Nothing after the line with "A yarn-dyed sateen" belongs in the copy; extract the lines below from the top through that line, pictures left out.

[EXERCISE MATERIAL Boundary: Start]

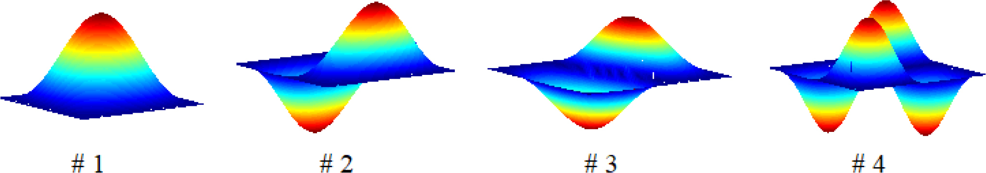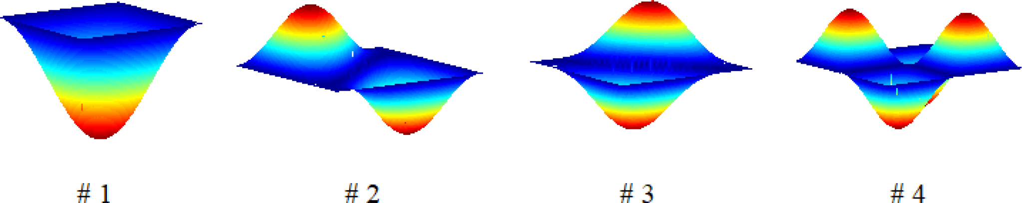 Figs. 5 and 6 present the first four modeshapes of FGS plates. Observing that the 2nd and 3rd eigenmodes are the same as each other, owing to the FGS plates under the same “S” or “C” boundary conditions at the edges.
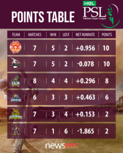 Islamabad, have secured back-to-back victories since the remainders began, while Karachi has only played one match and has lost that. They made a strong comeback in the last two matches after losing their first game against Lahore Qalandars.
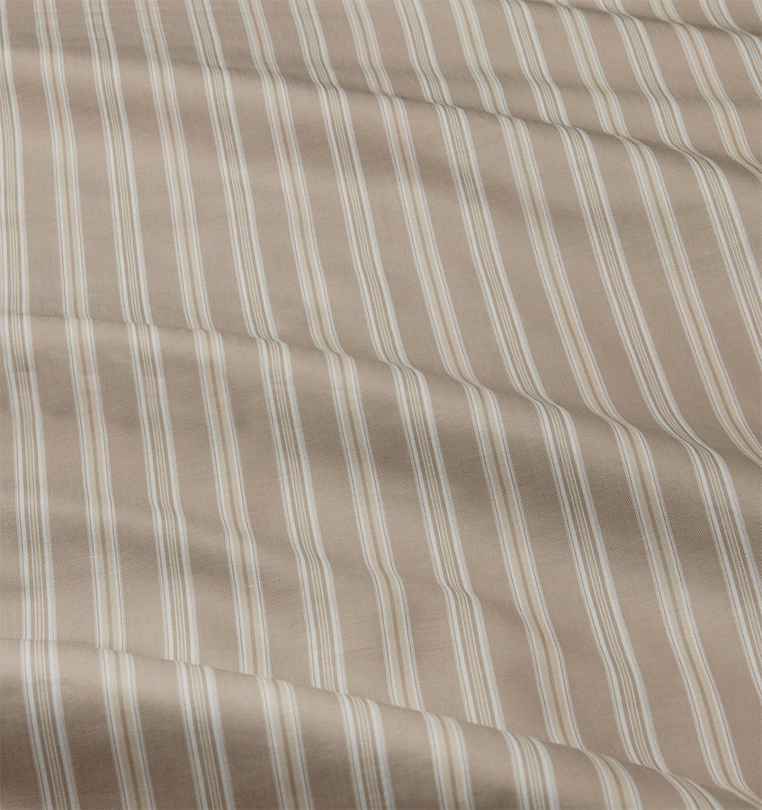 A yarn-dyed sateen jacquard adorned with understated stripes graces a minimalist palette of sand. Within the unassuming simplicity of the Italian-made Leranto, its sartorial quality radiates like a hidden gem, quietly captivating discerning eyes.
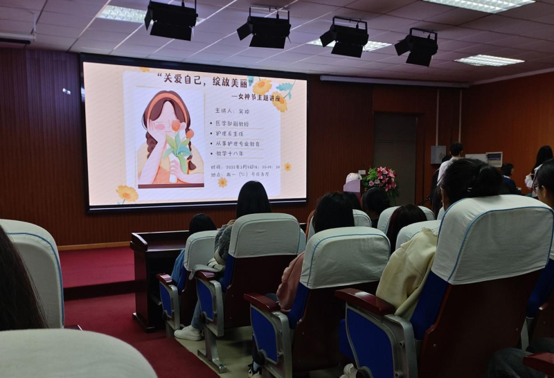 3月9日18:30-19;30,医学部副教授、护理系主任吴琼老师在南一(2)号报告厅开展讲座来为学生们答疑解惑,讲座以“关爱自己,绽放美丽”为题,为女孩们普及对女性方面的知识,告诉女性有着多重的身份,是女儿、是母亲、是妻子、是女职员,但更需要的身份是自我!这个特别的讲座,教授呼吁大家,要关爱女性健康,远离疾病,保持良好的心态,乐观面对生活,要不断增强自我保护意识,对自己的健康负责,享健康生活,做品质女孩。
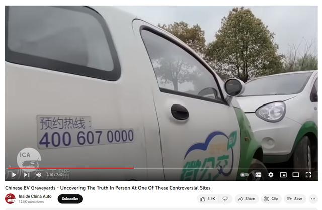 2017年12月26日起,浙江杭州、寧波、溫州三地正式啟用新能源汽車專用號牌。另一段被廣泛傳播的視頻來自YouTube用戶SerpentZA,聲稱“數(shù)十萬輛電動汽車被丟棄在杭州田間”,意在唱衰中國新能源汽車市場。專注于中國汽車市場的網(wǎng)絡媒體項目Inside China Auto實地走訪了原視頻中提到的地點,發(fā)現(xiàn)這些電動汽車并不是新車,且只有幾百輛,其中大多有五到六年的車齡,使用過很多次,車內外有售后配件、駕乘留下的垃圾和其他磨損痕跡。有的車外部貼有“微公交”等共享汽車品牌字樣,已經被市場淘汰。
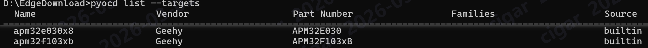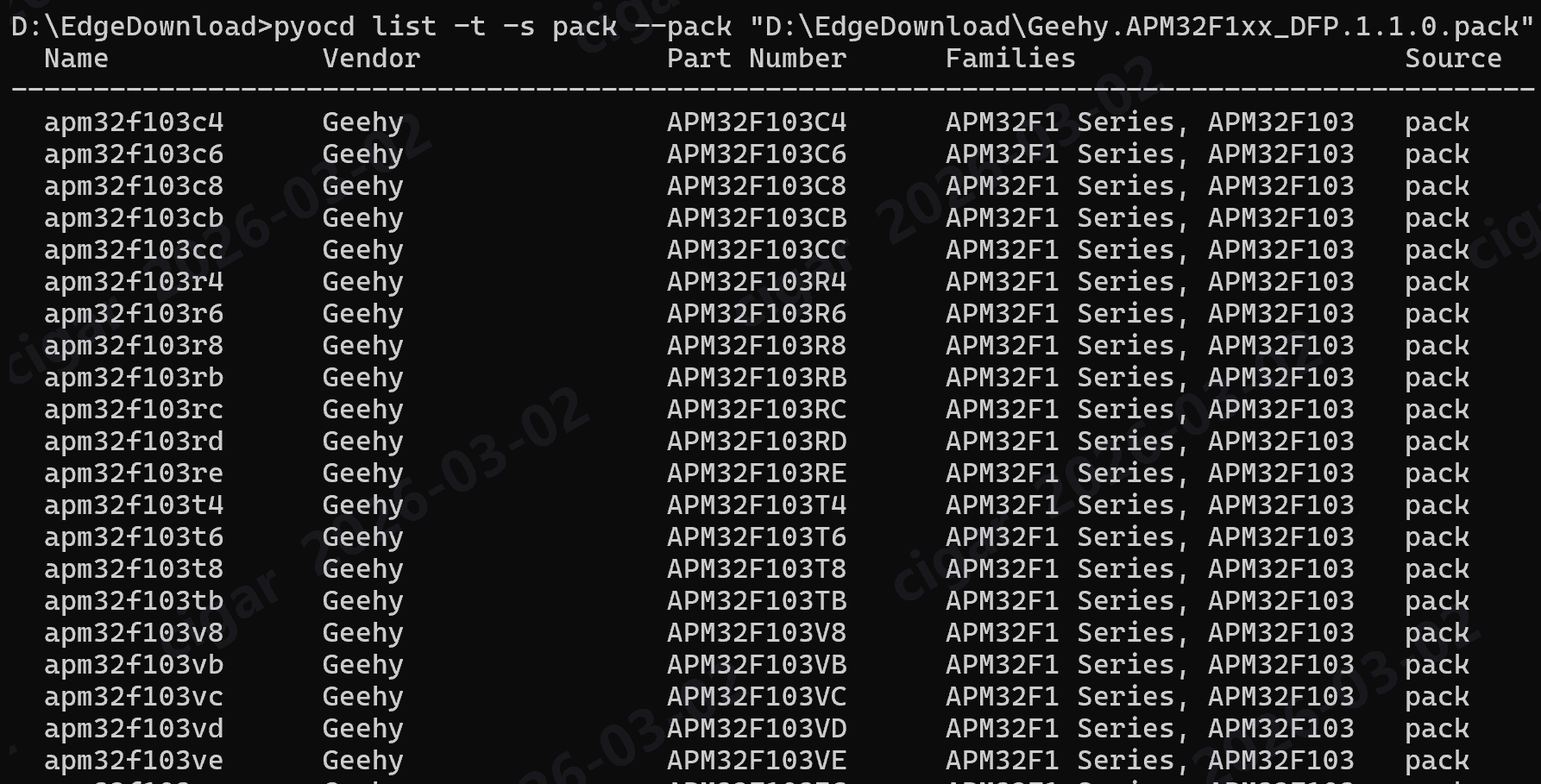 pyocd list -t -s pack --pack "D:\Geehy_SDK\Package\Geehy.APM32E1xx_DFP.1.0.3.pack"
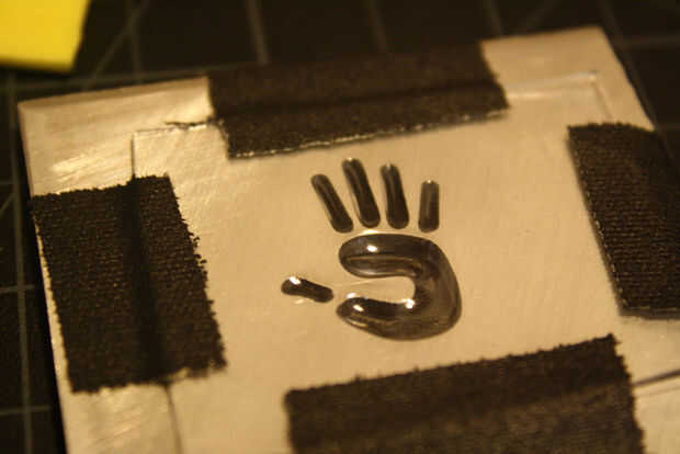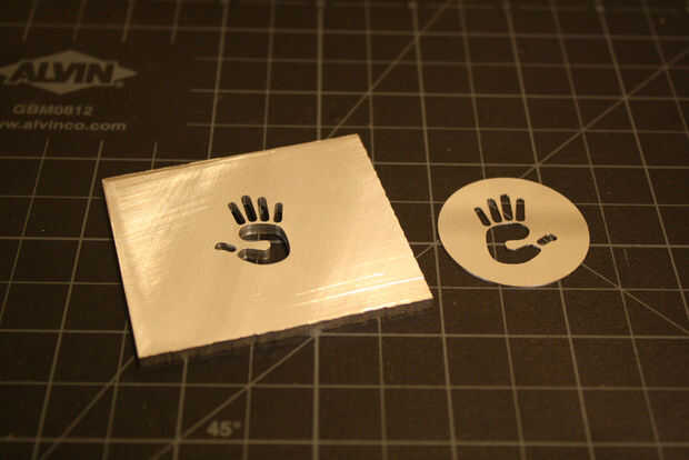 El último componente para fabricar era retroiluminada "logo de la mano" para la parte posterior de la placa de la mano. Había ya LEDs en el circuito del teléfono, así que quería utilizar para hacer un logo de un guante iluminado, al igual que el logotipo de apple en un ordenador macbook.
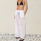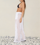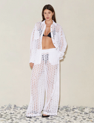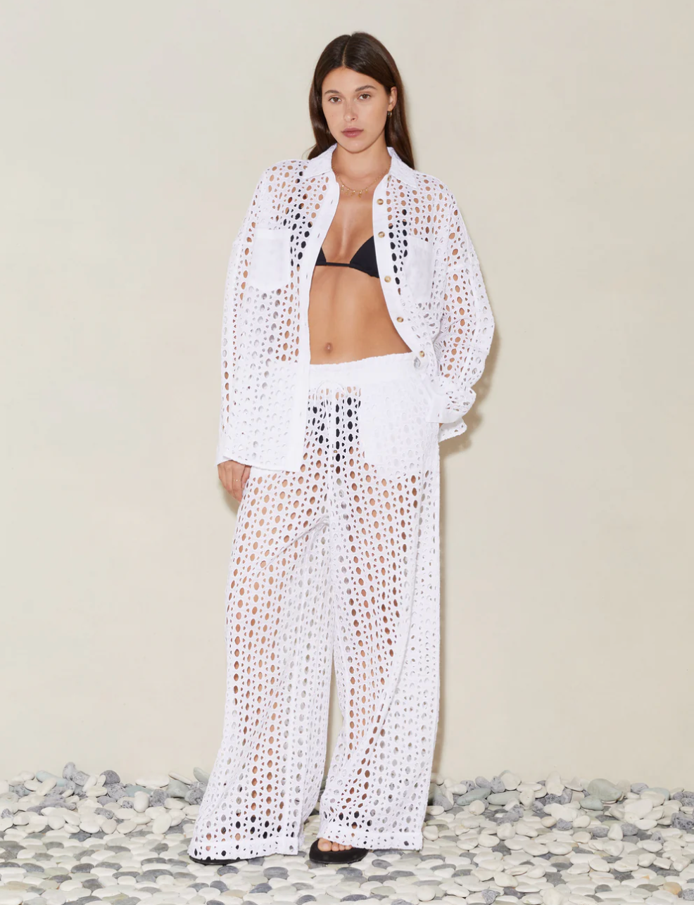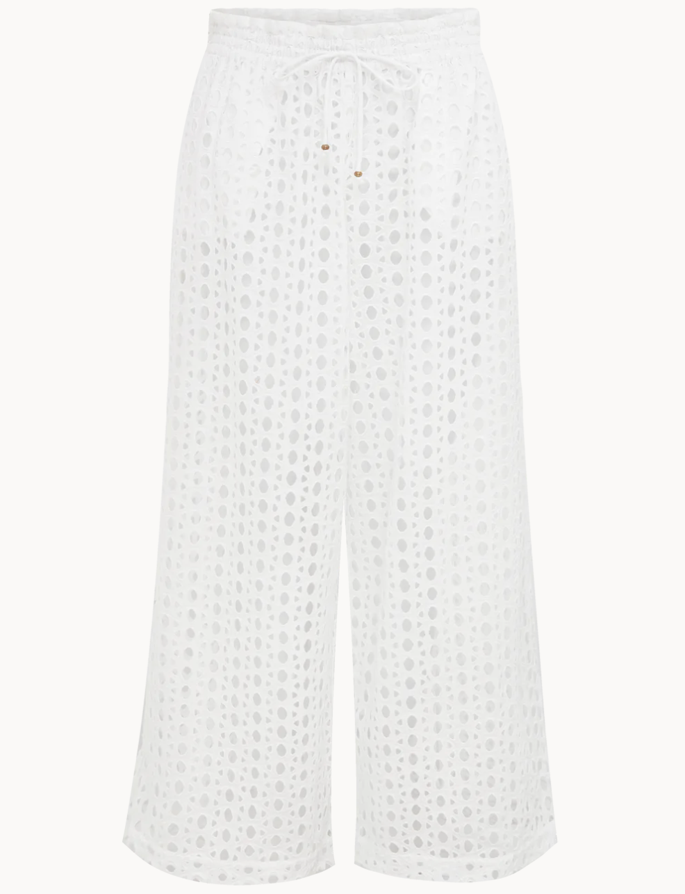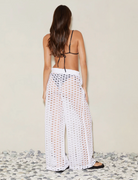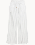 Subtle wide leg, full length pant in custom Boteh evil eye broderie. Featuring soft elastic waist, mock waist tie and functional front pockets. Please view last image for accurate fabric.
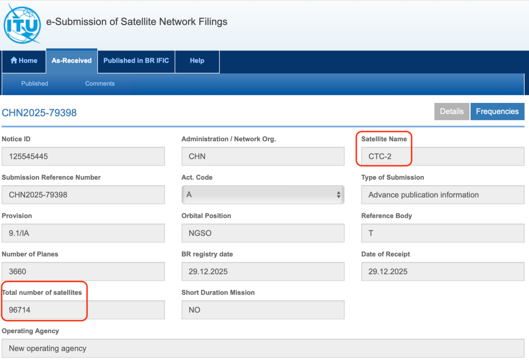 记者查询国际电信联盟(ITU)官网获悉,我国2025年12月向ITU申请了超20万颗卫星的频轨资源。
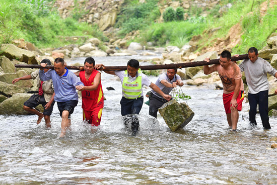 乌英苗寨的驻村第一书记韦桂华(右四)、党员梁成兵(右三)、梁志新(左二)带领村民维修河堤(6月30日摄)。乌英苗寨位于黔桂交界的大苗山深处,共有140户600多人。其中100户属广西柳州市融水苗族自治县杆洞乡党鸠村,40户属贵州省从江县翠里瑶族壮族乡南岑村。由于地处偏远,山多地少,脱贫攻坚任务艰巨,目前整个苗寨还有59户贫困户。新华社记者 黄孝邦/摄
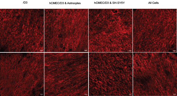Primary human Astrocytes (iXCells 10HU-035) were thawed in Dulbecco’s Modified Eagle’s Medium (DMEM; 10-013-CM) supplemented with 10% fetal bovine serum (FBS; 35-010-CV) and maintained on Corning® BioCoat® Collagen I-coated flasks (354486). A working bank of cryopreserved cells were used upon recovery from thaw or after a single passage to a new collagen coated flask. Neuroblastoma cell line SH-SY5Y (ATCC®; CRL-2266) were maintained in DMEM supplemented with 10% FBS. hCMEC/D3 (MilliporeSigma; SCC066) were cultured on Corning® BioCoat® Collagen I-coated flasks in EBM-2 (Lonza; 3156) supplemented with EGM-2 MV (Lonza; 4147), and additional 2.5% FBS, and 1% chemically modified lipid concentrate (Thermo Scientific; 11905031).
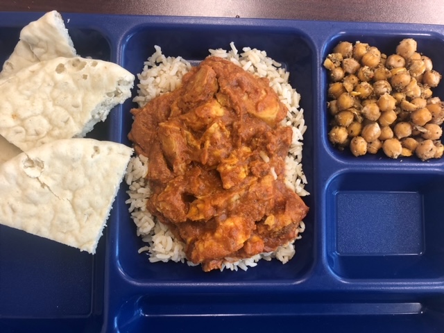 Earth Club is another enrichment program offered that the school nutrition team has been involved with. The after-school club does a variety of activities focused on environmental awareness, including trying to develop vegetarian meals. Last year, they came up with a recipe for Chickpea Tikka Masala. Early worked with the students on recipe how-to’s as well as variations from mild to spicy and reviewing proteins that can be added to the traditional Indian dish.
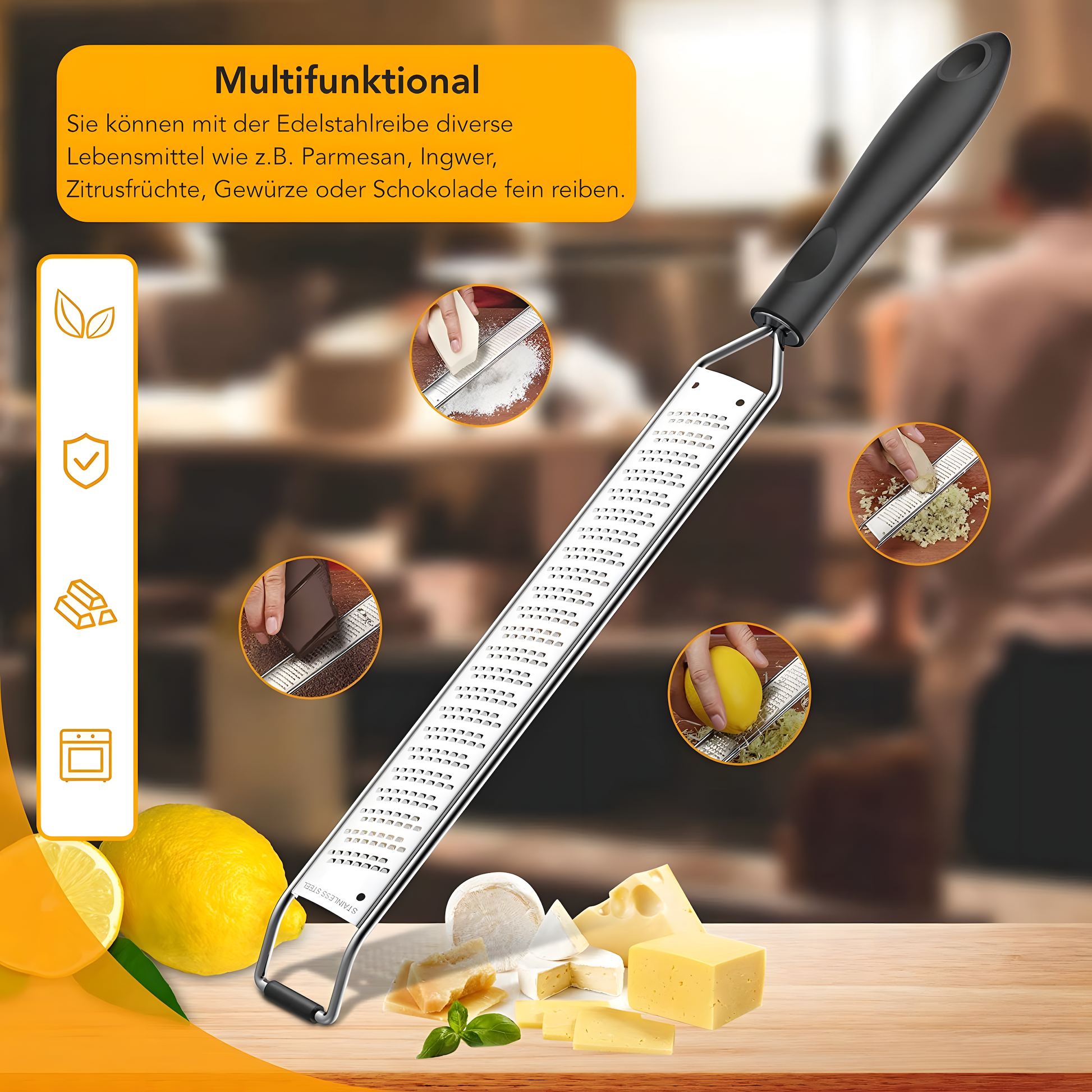 Zester Reibe aus Edelstahl Handreibe mit Schutzabdeckung
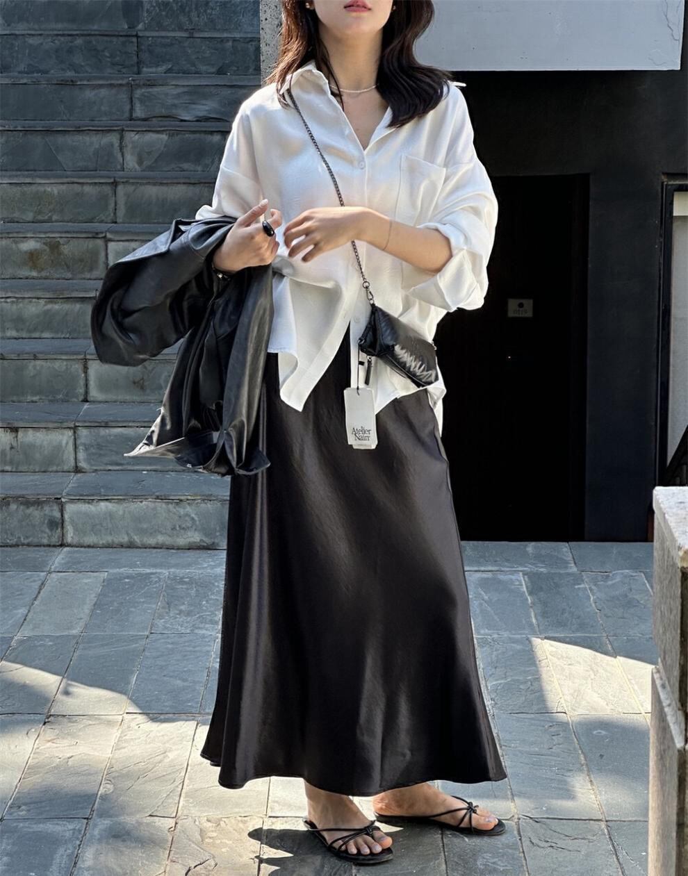 ロング丈のサテンスカート
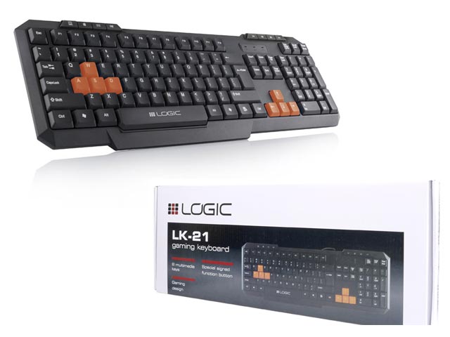 Eνσύρματο USB gaming πληκτρολόγιο LK-21. Το πληκτρολόγιο LK-21 πληροί τις προσδοκίες ακόμα και των πιο απαιτητικών χρηστών. Είναι εύκολο να συνδεθεί μέσω USB με τον υπολογιστή σας και στη συνέχεια να σερφάρετε στο διαδίκτυο ή να απολαύσετε τα αγαπημένα σας παιχνίδια. Ιδιαίτερη άνεση, ελκυστικός σχεδιασμός, οκτώ πλήκτρα πολυμέσων, οκτώ πλήκτρα gaming σε πορτοκαλί χρώμα και ενσωματωμένο αριθμητικό πληκτρολόγιο για την καλύτερη δυνατή χρήση.
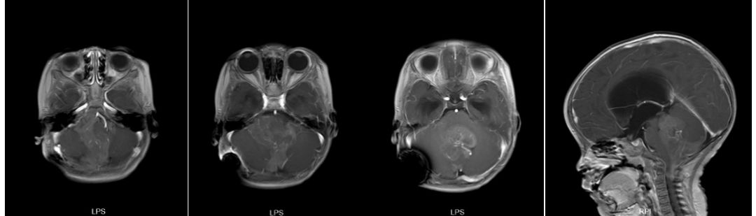 1月余前患儿无明显诱因下被发现头围较同龄儿偏大,并有进行性增大情况,无伴呕吐,无抽搐,无四肢活动障碍等情况,家属未重视未予就诊。1天前患儿开始出现步态不稳,不愿下地行走,精神偏软等,就诊于浙江大学医学院附属儿童医院神经内科,查头颅磁共振提示:“后颅窝占位,伴梗阻性脑积水”。请神经外科会诊后建议行手术治疗,拟“后颅窝占位,梗阻性脑积水”收住入院。
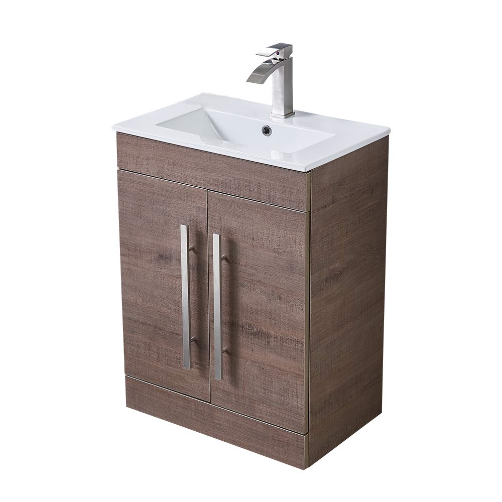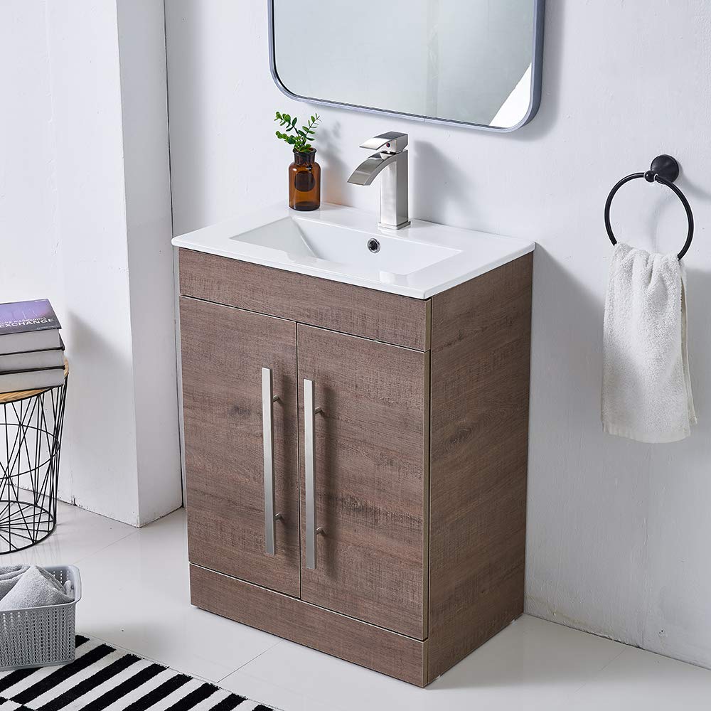 VESLA HOME Modern 24” Brown wood grain Stand Bathroom Vanity Sink Combo, 2 Door Bathroom Cabinet with Ceramic Vessel Sink

[EXERCISE MATERIAL Boundary: End]

* SOLUTION TO THIS TASK:
 Figs. 5 and 6 present the first four modeshapes of FGS plates. Observing that the 2nd and 3rd eigenmodes are the same as each other, owing to the FGS plates under the same “S” or “C” boundary conditions at the edges.
 Islamabad, have secured back-to-back victories since the remainders began, while Karachi has only played one match and has lost that. They made a strong comeback in the last two matches after losing their first game against Lahore Qalandars.
 A yarn-dyed sateen jacquard adorned with understated stripes graces a minimalist palette of sand. Within the unassuming simplicity of the Italian-made Leranto, its sartorial quality radiates like a hidden gem, quietly captivating discerning eyes.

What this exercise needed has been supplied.